* [ACTIVITY]:
Return nothing but the lines from the one with "Светодиодная лампа Grisard" through the one with "郭万周副校长致辞,他希望同学" in the data below, word for word and without pictures.

* [EXERCISE MATERIAL]:
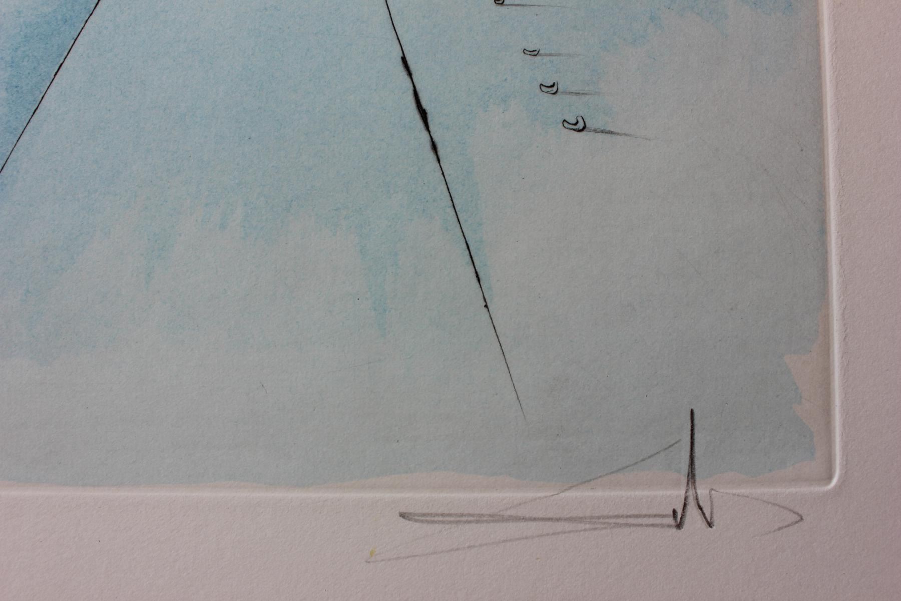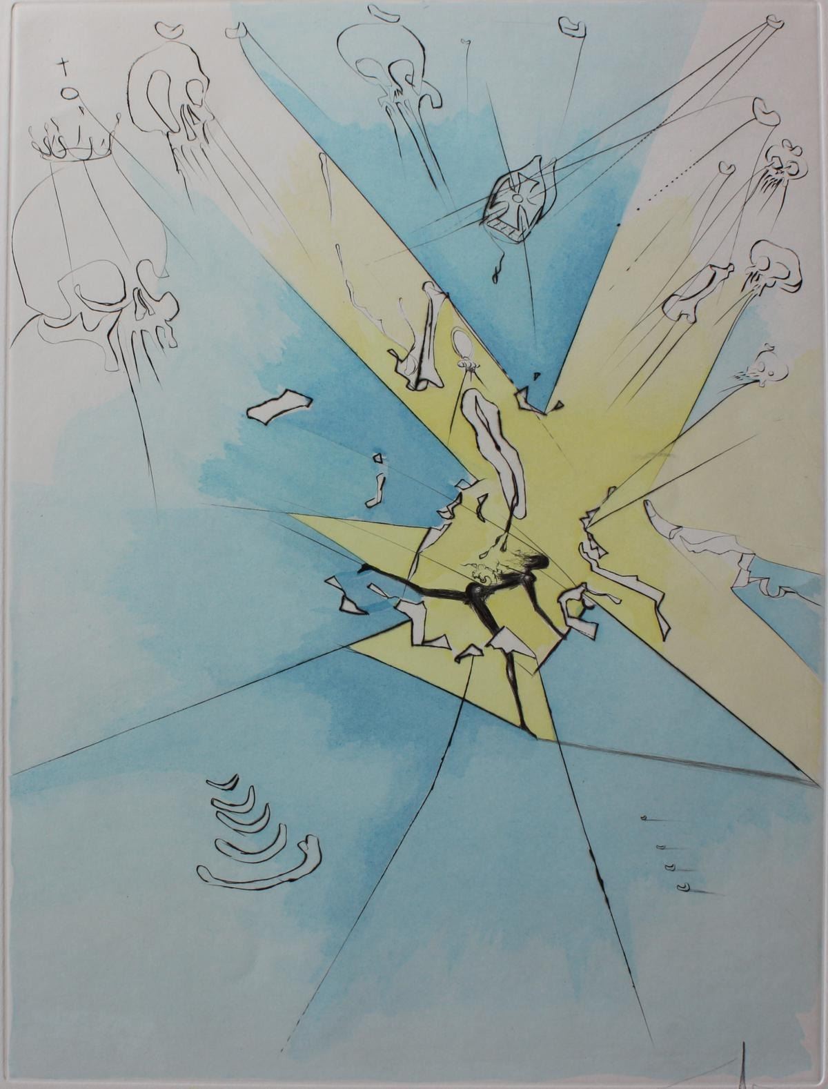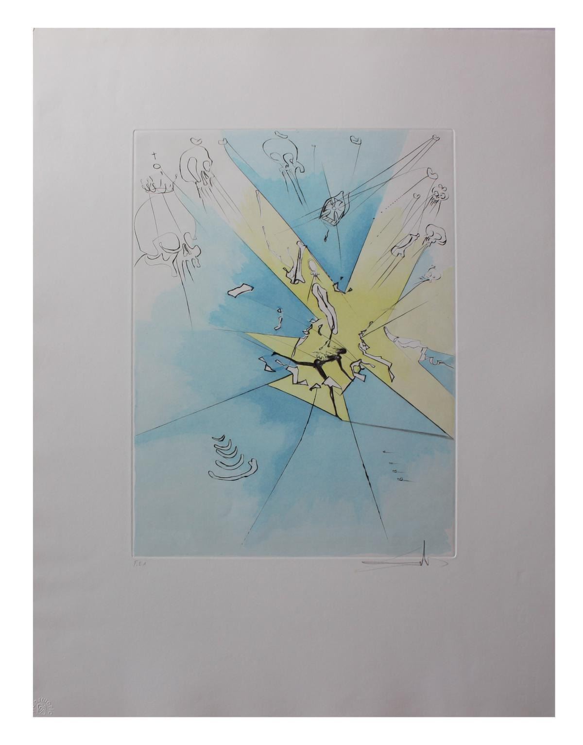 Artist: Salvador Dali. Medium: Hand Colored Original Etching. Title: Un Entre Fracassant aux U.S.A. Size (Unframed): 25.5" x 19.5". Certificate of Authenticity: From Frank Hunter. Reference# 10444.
==
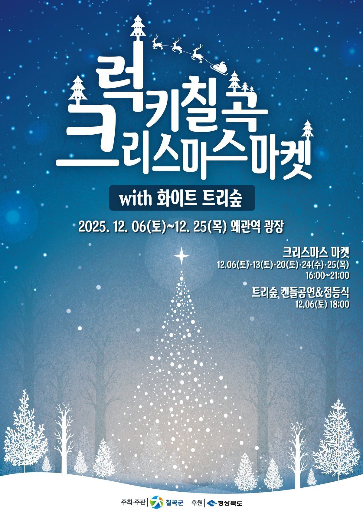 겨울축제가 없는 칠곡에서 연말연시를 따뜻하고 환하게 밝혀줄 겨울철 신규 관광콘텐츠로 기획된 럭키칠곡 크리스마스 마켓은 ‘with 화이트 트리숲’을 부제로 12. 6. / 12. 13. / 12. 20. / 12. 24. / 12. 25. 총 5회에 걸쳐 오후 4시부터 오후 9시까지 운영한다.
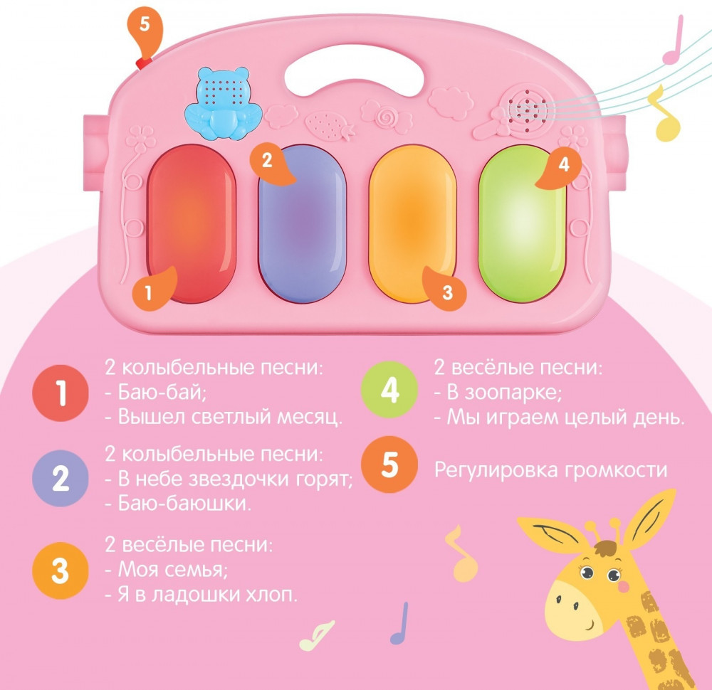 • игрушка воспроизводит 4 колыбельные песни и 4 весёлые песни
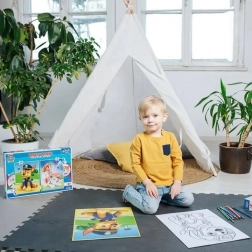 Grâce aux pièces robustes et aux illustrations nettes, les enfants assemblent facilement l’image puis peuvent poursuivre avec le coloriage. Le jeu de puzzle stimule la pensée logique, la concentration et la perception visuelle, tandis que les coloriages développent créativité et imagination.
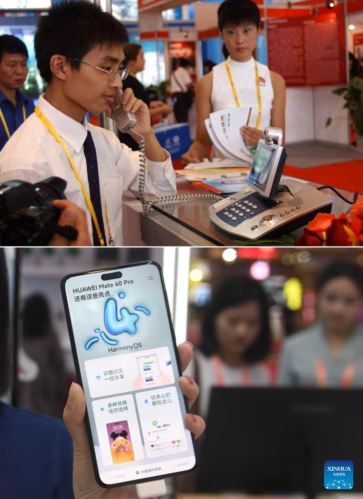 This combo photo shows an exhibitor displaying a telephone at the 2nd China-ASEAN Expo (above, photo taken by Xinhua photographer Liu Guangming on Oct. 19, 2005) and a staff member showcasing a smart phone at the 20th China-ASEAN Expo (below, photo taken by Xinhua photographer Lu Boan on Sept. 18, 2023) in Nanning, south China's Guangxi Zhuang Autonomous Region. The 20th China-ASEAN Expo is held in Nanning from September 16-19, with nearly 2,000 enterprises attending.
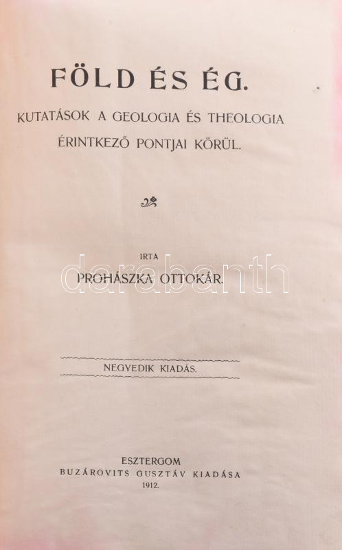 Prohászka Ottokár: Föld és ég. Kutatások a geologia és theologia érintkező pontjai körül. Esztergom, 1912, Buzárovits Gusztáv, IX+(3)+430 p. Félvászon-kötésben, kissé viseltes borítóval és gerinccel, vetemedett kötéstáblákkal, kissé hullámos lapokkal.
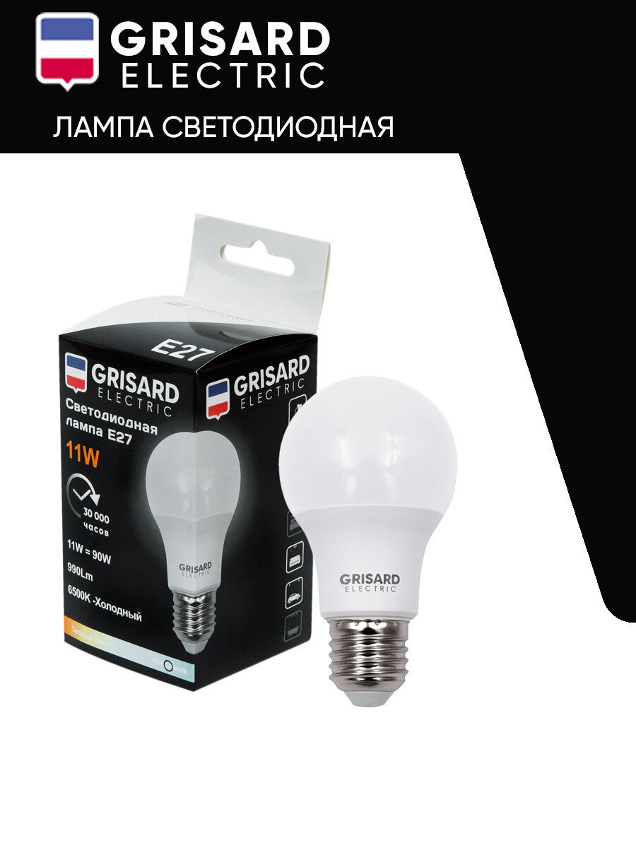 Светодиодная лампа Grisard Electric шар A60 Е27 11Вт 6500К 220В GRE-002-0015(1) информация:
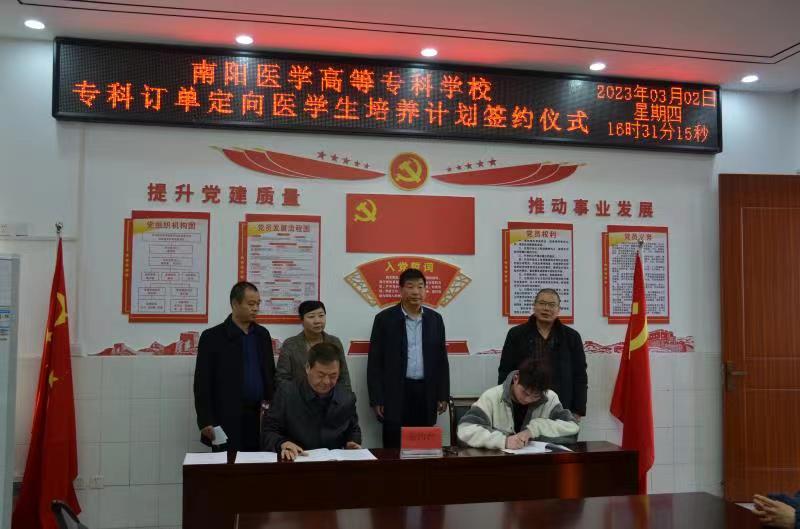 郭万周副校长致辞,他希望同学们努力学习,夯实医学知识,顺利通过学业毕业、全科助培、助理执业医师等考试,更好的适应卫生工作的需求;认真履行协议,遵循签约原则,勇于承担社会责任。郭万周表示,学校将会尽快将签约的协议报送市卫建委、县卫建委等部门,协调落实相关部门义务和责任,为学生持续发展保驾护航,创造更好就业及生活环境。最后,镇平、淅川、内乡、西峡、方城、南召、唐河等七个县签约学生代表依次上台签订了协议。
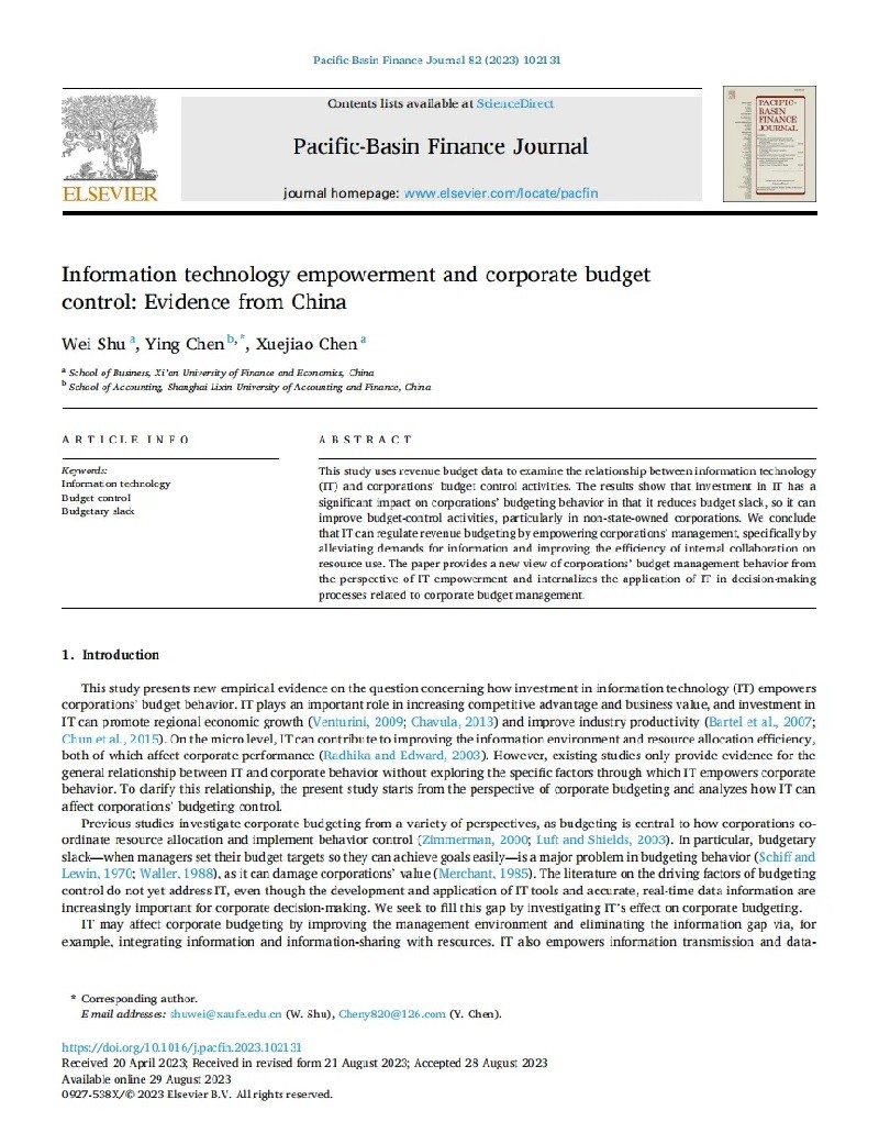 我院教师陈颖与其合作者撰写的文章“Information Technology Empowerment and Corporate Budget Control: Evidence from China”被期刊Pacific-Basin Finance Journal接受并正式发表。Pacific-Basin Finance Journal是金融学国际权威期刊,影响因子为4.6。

* [RESPONSE]:
 Светодиодная лампа Grisard Electric шар A60 Е27 11Вт 6500К 220В GRE-002-0015(1) информация:
 郭万周副校长致辞,他希望同学们努力学习,夯实医学知识,顺利通过学业毕业、全科助培、助理执业医师等考试,更好的适应卫生工作的需求;认真履行协议,遵循签约原则,勇于承担社会责任。郭万周表示,学校将会尽快将签约的协议报送市卫建委、县卫建委等部门,协调落实相关部门义务和责任,为学生持续发展保驾护航,创造更好就业及生活环境。最后,镇平、淅川、内乡、西峡、方城、南召、唐河等七个县签约学生代表依次上台签订了协议。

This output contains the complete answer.